Exercise directions — Repeat the entries without change, omitting the pictures.

(Stored records)
┄┄┄┄┄┄

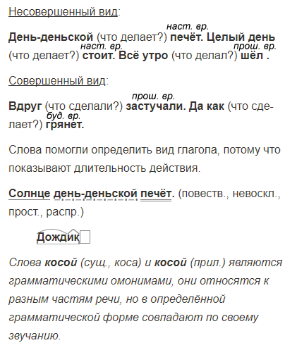 1. Солнце день-деньской печёт.4 (Е. Трутнева) 2. Целый день оно стоит на страже, бережёт сады, поля, дубравы. (Е. Трутнева) 3. Вдруг по крышам, по листам, редкие вначале, тут и там и тут и там капли застучали. Да как сразу грянет гром! (Е. Трутнева) 4. В полях, не кошенных косой, всё утро дождик2 шёл косой. (Л. Степанов)
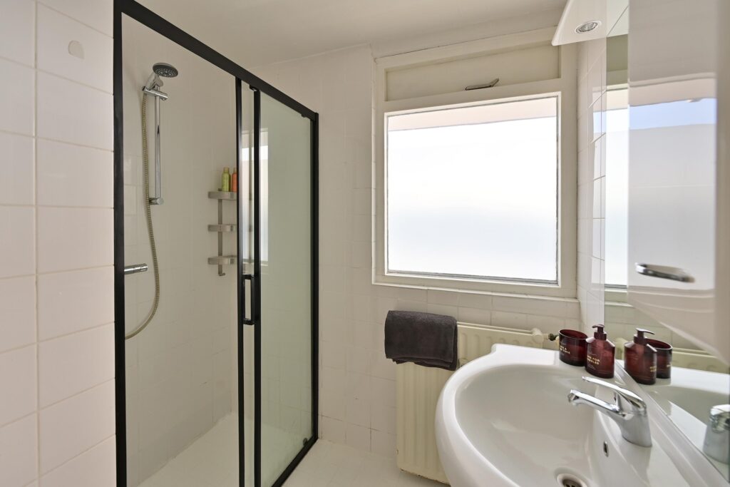 Overloop met bergkast en opstelling voor wasmachine en droger. Zeer ruime slaapkamer (voorheen twee kamers), tweede slaapkamer met toegang tot het zonnige balkon (ochtend- tot middagzon). Moderne badkamer met inloopdouche met schuifdeur en wastafelmeubel.
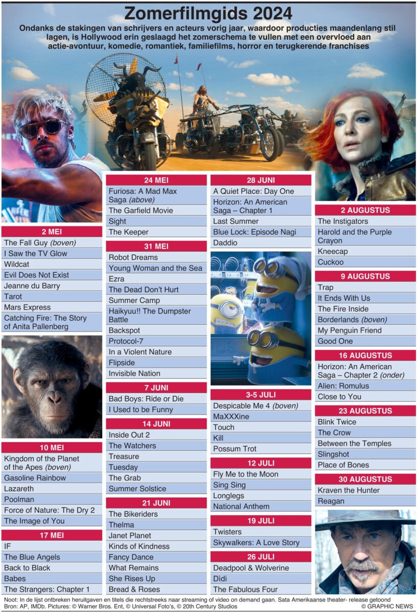 April 26, 2024 – Ondanks de stakingen van schrijvers en acteurs van vorig jaar, waardoor producties maandenlang stil lagen, is Hollywood erin geslaagd het zomerprogramma te vullen met een enorme oogst aan actie-avontuur, komedie, romantiek, familiefilms, horror en terugkerende franchises
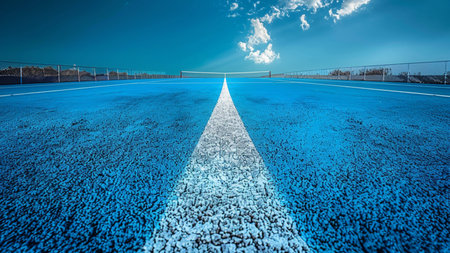 A 3D render of a section of the start line of an blue athletics track lane in the daytime
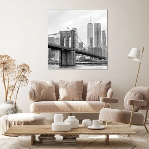 Ta panorama jest doskonałym wyborem dla miłośników miejskich pejzaży i architektury. Most Brookliński, jeden z najbardziej rozpoznawalnych symboli Nowego Jorku, stanowi centralny punkt kompozycji, a jego proste, geometryczne linie harmonijnie współgrają z sylwetkami nowojorskich wieżowców w tle.
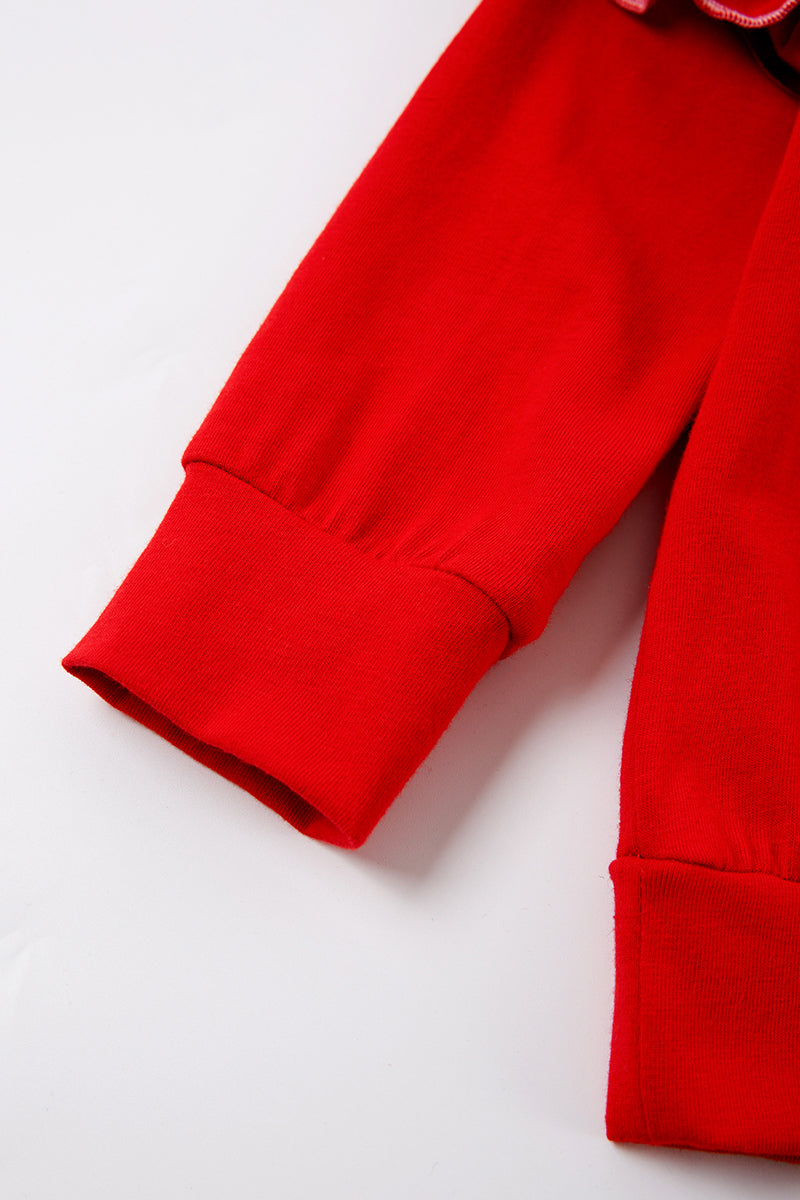 Introducing our adorable Lollipop Heart Applique Ruffle Top, the perfect addition to any little girl's wardrobe! This charming long-sleeved top is designed with love, featuring delightful Lollipop Hearts appliques that will melt hearts everywhere.
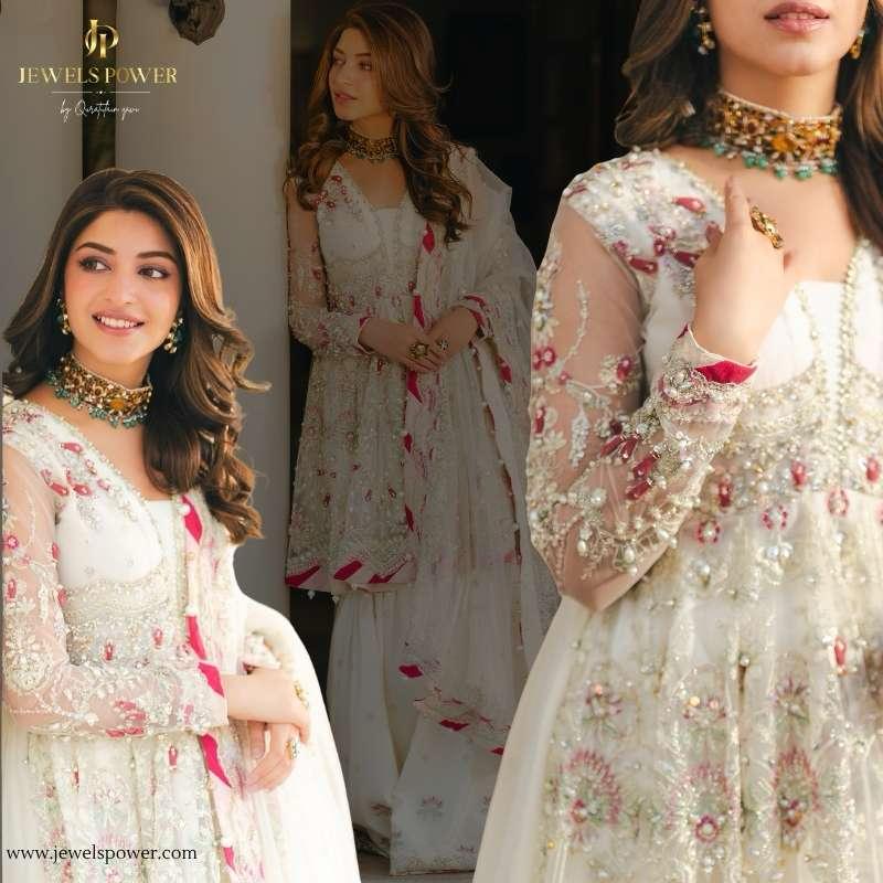 Kundan polki jarao Antique gold choker, paired with statment studs.
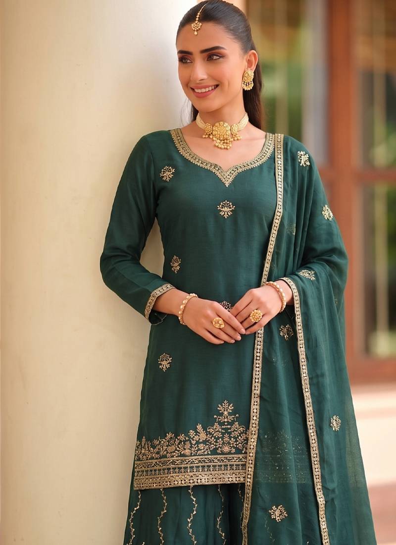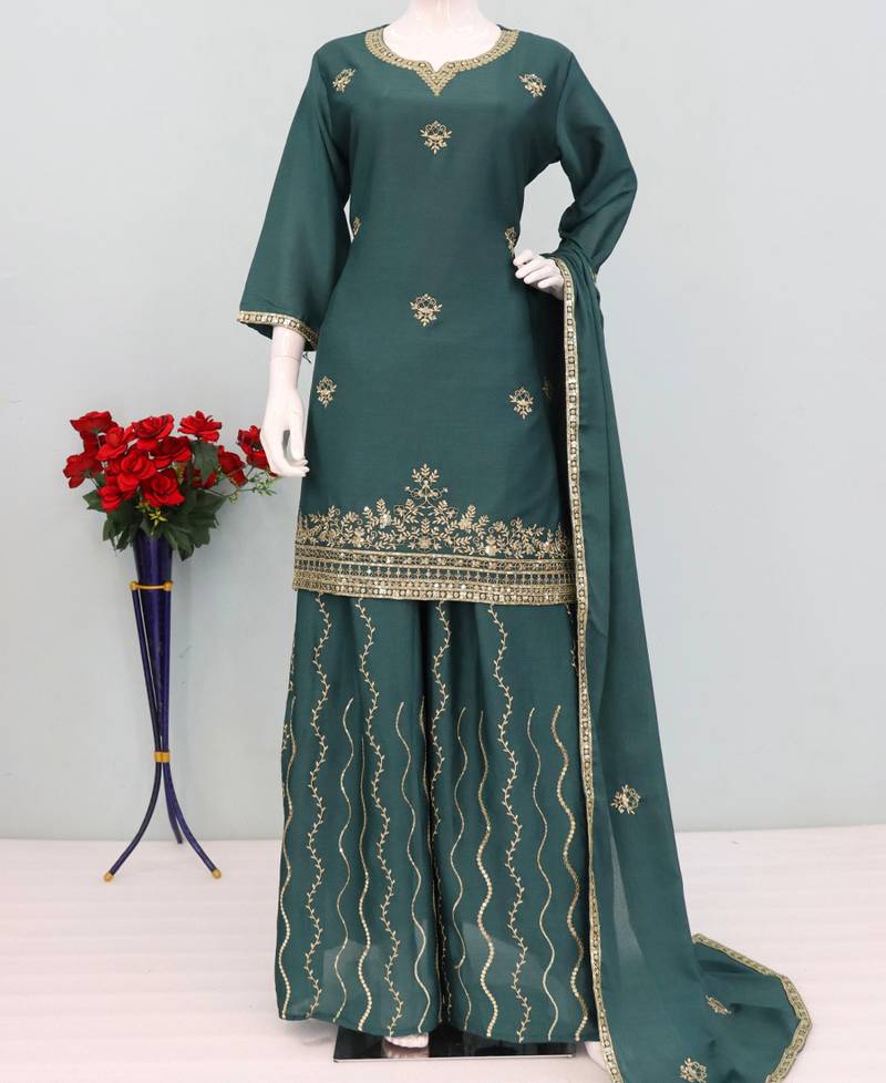 | Product Name | Green Ethnic Wear Ready Made Chinon Suit For Women | |

┄┄┄┄┄┄

Result below —
 1. Солнце день-деньской печёт.4 (Е. Трутнева) 2. Целый день оно стоит на страже, бережёт сады, поля, дубравы. (Е. Трутнева) 3. Вдруг по крышам, по листам, редкие вначале, тут и там и тут и там капли застучали. Да как сразу грянет гром! (Е. Трутнева) 4. В полях, не кошенных косой, всё утро дождик2 шёл косой. (Л. Степанов)
 Overloop met bergkast en opstelling voor wasmachine en droger. Zeer ruime slaapkamer (voorheen twee kamers), tweede slaapkamer met toegang tot het zonnige balkon (ochtend- tot middagzon). Moderne badkamer met inloopdouche met schuifdeur en wastafelmeubel.
 April 26, 2024 – Ondanks de stakingen van schrijvers en acteurs van vorig jaar, waardoor producties maandenlang stil lagen, is Hollywood erin geslaagd het zomerprogramma te vullen met een enorme oogst aan actie-avontuur, komedie, romantiek, familiefilms, horror en terugkerende franchises
 A 3D render of a section of the start line of an blue athletics track lane in the daytime
 Ta panorama jest doskonałym wyborem dla miłośników miejskich pejzaży i architektury. Most Brookliński, jeden z najbardziej rozpoznawalnych symboli Nowego Jorku, stanowi centralny punkt kompozycji, a jego proste, geometryczne linie harmonijnie współgrają z sylwetkami nowojorskich wieżowców w tle.
 Introducing our adorable Lollipop Heart Applique Ruffle Top, the perfect addition to any little girl's wardrobe! This charming long-sleeved top is designed with love, featuring delightful Lollipop Hearts appliques that will melt hearts everywhere.
 Kundan polki jarao Antique gold choker, paired with statment studs.
 | Product Name | Green Ethnic Wear Ready Made Chinon Suit For Women | |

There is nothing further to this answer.